Sometimes though, because of various factors, a cow might not digest feed ingredients that she could have digested. Potentially digestible material that ends up in manure might suggest problems with rumen function, feed processing or feeding management.

When undigested feed is not converted to milk, your production cost increases. Grain should not show up in the manure-especially when grain prices are high.

Rumination and digestion by microbes in the rumen break down fibre and feed particle size. When a cow does not eat enough fibre to maintain rumination and rumen function, digestibility is reduced. Feed can pass out of her rumen more quickly and in larger particles than it should.

High-producing cows eat more feed and rumen contents pass through their digestive tracts more quickly. More undigested feed may show up in their manure. However, you can manage the ration to minimize this.

Managing concentrate and forage particle size can greatly improve feed overall digestibility. A particle separator can be useful to sift the ration and evaluate whether the ration has optimal particle size.

Under optimal conditions, the rumen ferments most of the feed, and less passes to the small intestine for digestion or the cecum and large intestine, together known as the hindgut, for fermentation. When the rumen is working poorly, more potentially fermentable feed escapes rumen fermentation and the amount fermented in the hindgut can increase.

Increased hindgut fermentation generates more gas and acid production that can change manure's consistency and appearance. The hindgut is not as buffered and cannot handle the acidity as well as the rumen can. Excessive hindgut fermentation can cause diarrhea and foamy manure.

An effective way to evaluate manure content is washing it down with water through a screen or a kitchen sieve (see sidebar). This simple process lets you quickly find out whether feed processing and digestion is optimal.

What you might see and learn could surprise you. Your herd nutritionist can help you adjust the ration if needed to ensure a healthy, efficient and productive herd.

References: Effect of varying total mixed ration particle size on rumen digesta and fecal particle size and digestibility in lactating dairy cows. D. D. Maulfair, M. Fustini and A. J. Heinrichs; J. Dairy Sci. 94 :3527-3536; Evaluating Rations. Mary Beth Hal, University of Florida. 6th Western Dairy Management Conference proceedings. 2003; p 35-41; Troubleshooting Nutritional Programs.
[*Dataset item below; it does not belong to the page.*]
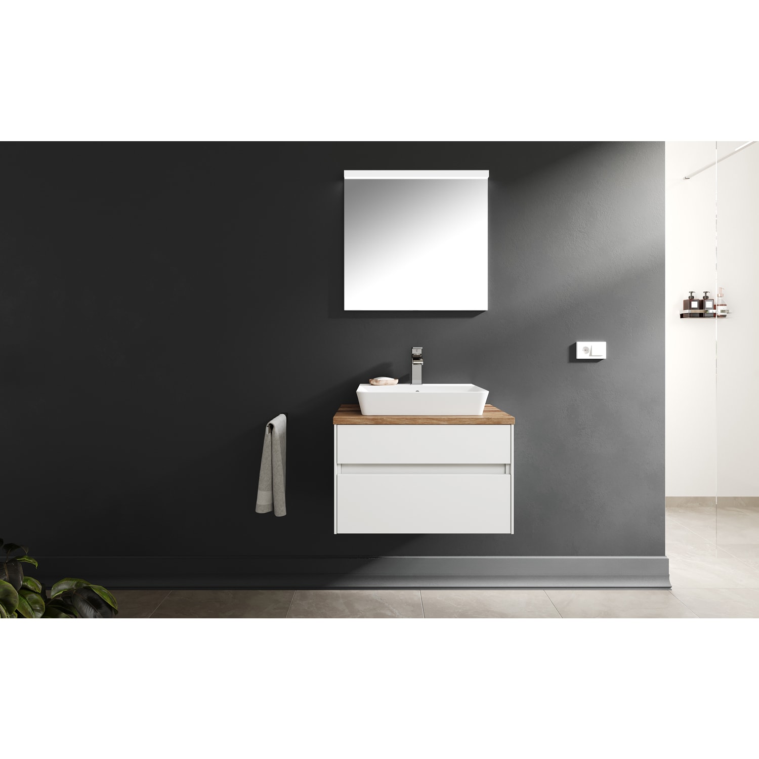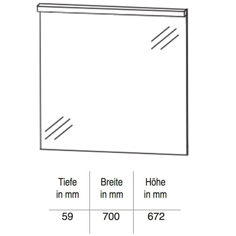 Puris Unique Badspiegel 70 cm mit LED Beleuchtung und Kippschalter für modernes Badezimmerambiente
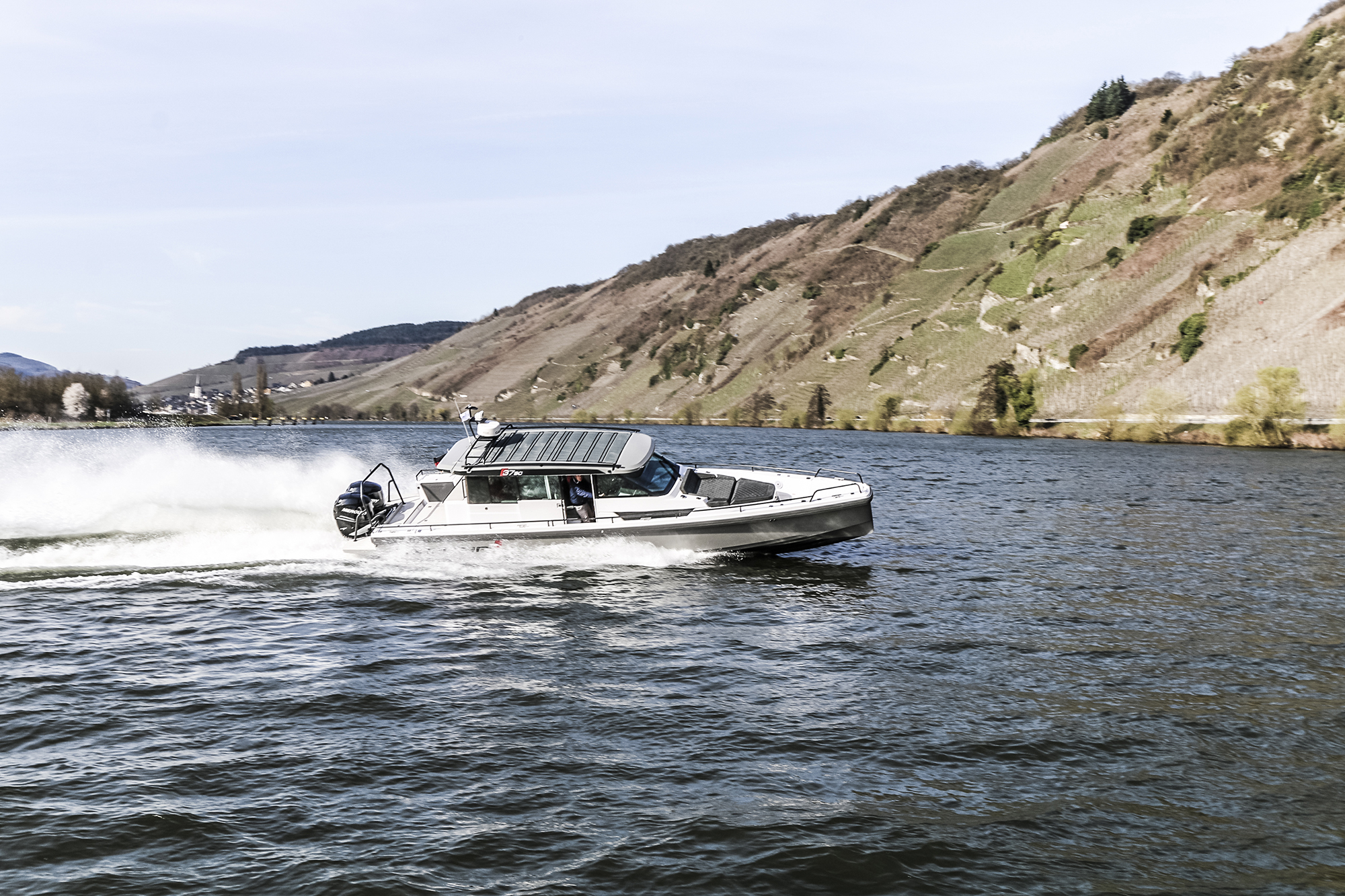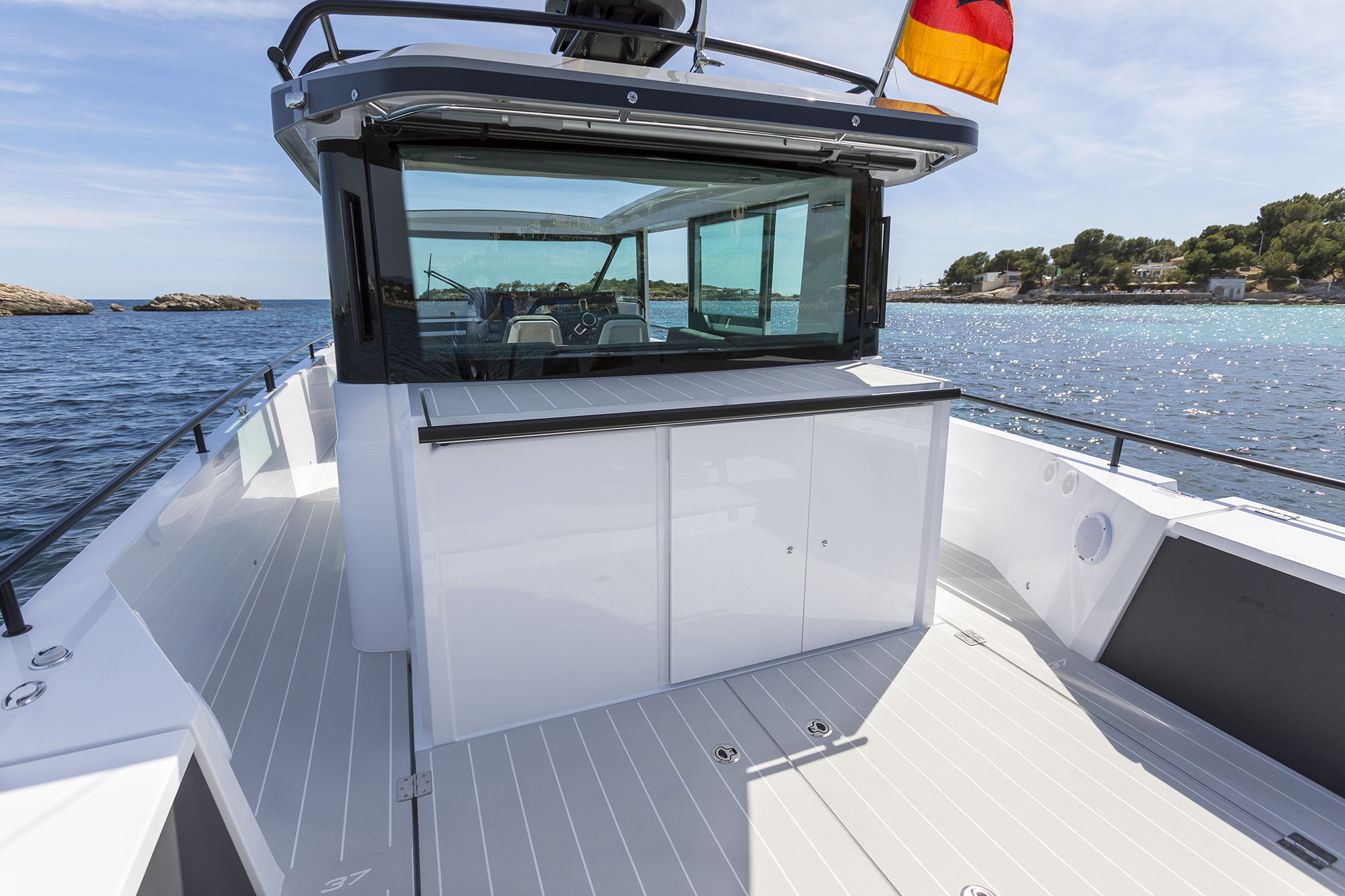 “Now this, this is more like it,” I offered founder Jan-Erik Viitala, as we slipped our lines and made our way to open water. While idling to the harbor, we passed a proverbial Who’s Who of stunning new yachts. I felt a little dirty admiring all the gleaming motoryachts around us while on a sea trial, but looking out, I noticed how many people were noticing the 37 in return. Its gray hull, black hardtop, and low-profile design easily caught the eyes of the passengers on other boats. And as in Düsseldorf, there was a contigent of onlookers snapping photos of the boat.

Michael Hutjens. 2000 Kentucky Ruminant Nutrition Conference proceedings p15-27.

SIDEBAR: Washing manure

The manure washing procedure is quite simple. Collect a representative manure sample in a container and thoroughly mix it. Place a cup of the mix in the sieve and wash it with a stream of water through the screen to remove digested material.

Once the water runs clear, check the remaining material. Look for feed particles, pieces of grain containing starch or whole hard grains. Sometimes, careful observation is required since grain hulls can be confused with undigested grain. Make sure by opening hulls to see if starch is still present.

Evaluate fibre particle size as well. Ideally, few feed particles in the manure should be more than 1.25 cm, or half an inch long.

There should be little, if any, recognizable feed present. Presence of long particles or undigested material can indicate cows are not ruminating properly, are sorting feed, receiving too much grain in one meal or lacking effective, or long, fibre.